- **Your goal**
Your copy of the data should match it exactly, leaving out only the pictures.

Recorded data section start

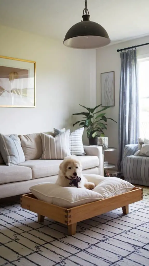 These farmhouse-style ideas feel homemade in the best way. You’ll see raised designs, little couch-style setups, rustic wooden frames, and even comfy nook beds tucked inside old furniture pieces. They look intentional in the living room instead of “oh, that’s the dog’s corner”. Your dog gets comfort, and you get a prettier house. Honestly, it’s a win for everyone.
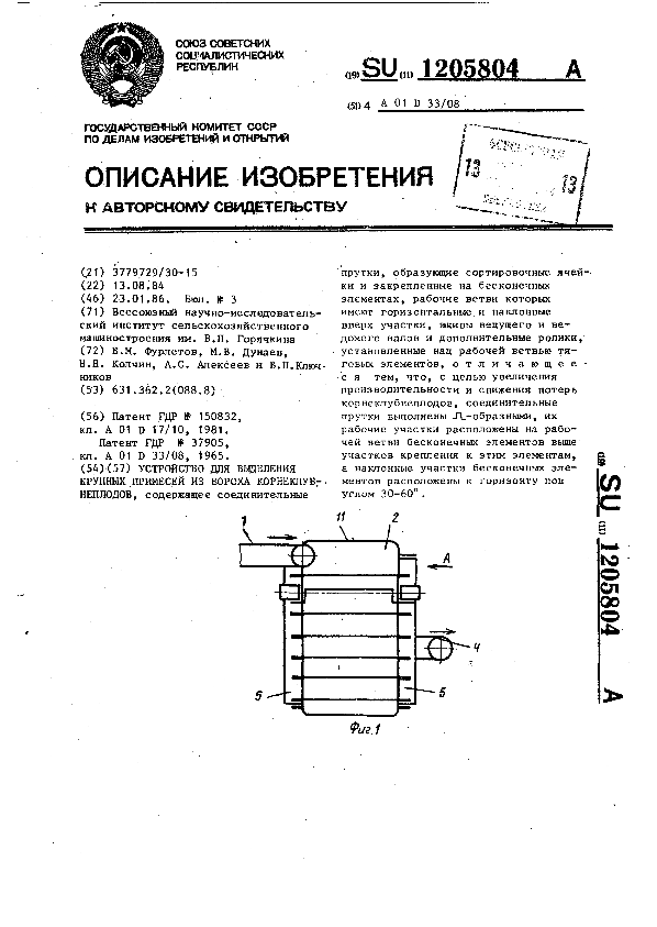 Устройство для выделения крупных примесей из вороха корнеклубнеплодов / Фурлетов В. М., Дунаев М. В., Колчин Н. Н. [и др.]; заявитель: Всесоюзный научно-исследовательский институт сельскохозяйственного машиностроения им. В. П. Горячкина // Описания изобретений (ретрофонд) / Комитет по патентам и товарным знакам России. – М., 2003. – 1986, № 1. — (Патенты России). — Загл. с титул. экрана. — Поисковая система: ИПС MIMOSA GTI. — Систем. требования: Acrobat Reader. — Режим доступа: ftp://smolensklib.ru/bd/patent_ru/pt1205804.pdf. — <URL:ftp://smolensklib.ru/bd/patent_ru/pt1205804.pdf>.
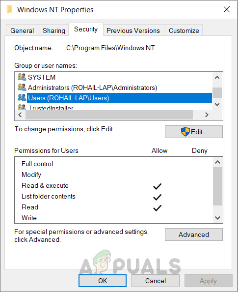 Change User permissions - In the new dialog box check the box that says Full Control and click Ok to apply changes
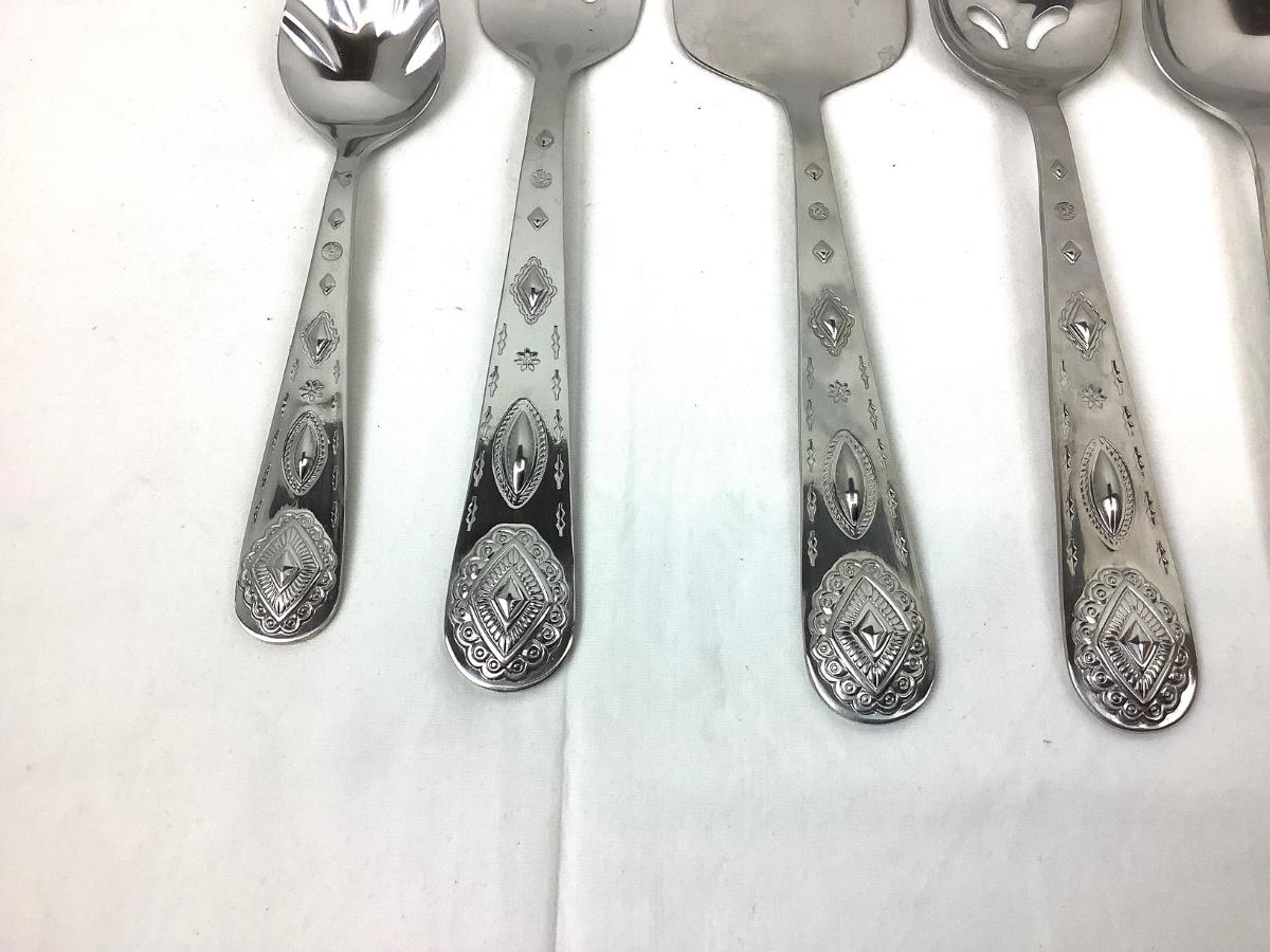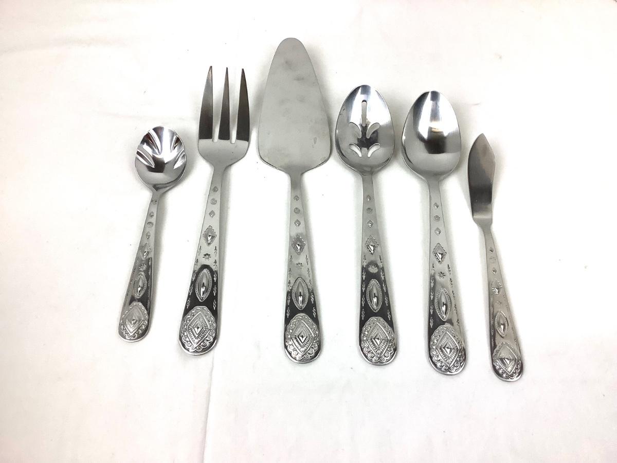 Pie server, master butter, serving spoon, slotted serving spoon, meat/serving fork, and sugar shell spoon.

Recorded data section end

- **Result for this exercise**
 These farmhouse-style ideas feel homemade in the best way. You’ll see raised designs, little couch-style setups, rustic wooden frames, and even comfy nook beds tucked inside old furniture pieces. They look intentional in the living room instead of “oh, that’s the dog’s corner”. Your dog gets comfort, and you get a prettier house. Honestly, it’s a win for everyone.
 Устройство для выделения крупных примесей из вороха корнеклубнеплодов / Фурлетов В. М., Дунаев М. В., Колчин Н. Н. [и др.]; заявитель: Всесоюзный научно-исследовательский институт сельскохозяйственного машиностроения им. В. П. Горячкина // Описания изобретений (ретрофонд) / Комитет по патентам и товарным знакам России. – М., 2003. – 1986, № 1. — (Патенты России). — Загл. с титул. экрана. — Поисковая система: ИПС MIMOSA GTI. — Систем. требования: Acrobat Reader. — Режим доступа: ftp://smolensklib.ru/bd/patent_ru/pt1205804.pdf. — <URL:ftp://smolensklib.ru/bd/patent_ru/pt1205804.pdf>.
 Change User permissions - In the new dialog box check the box that says Full Control and click Ok to apply changes
 Pie server, master butter, serving spoon, slotted serving spoon, meat/serving fork, and sugar shell spoon.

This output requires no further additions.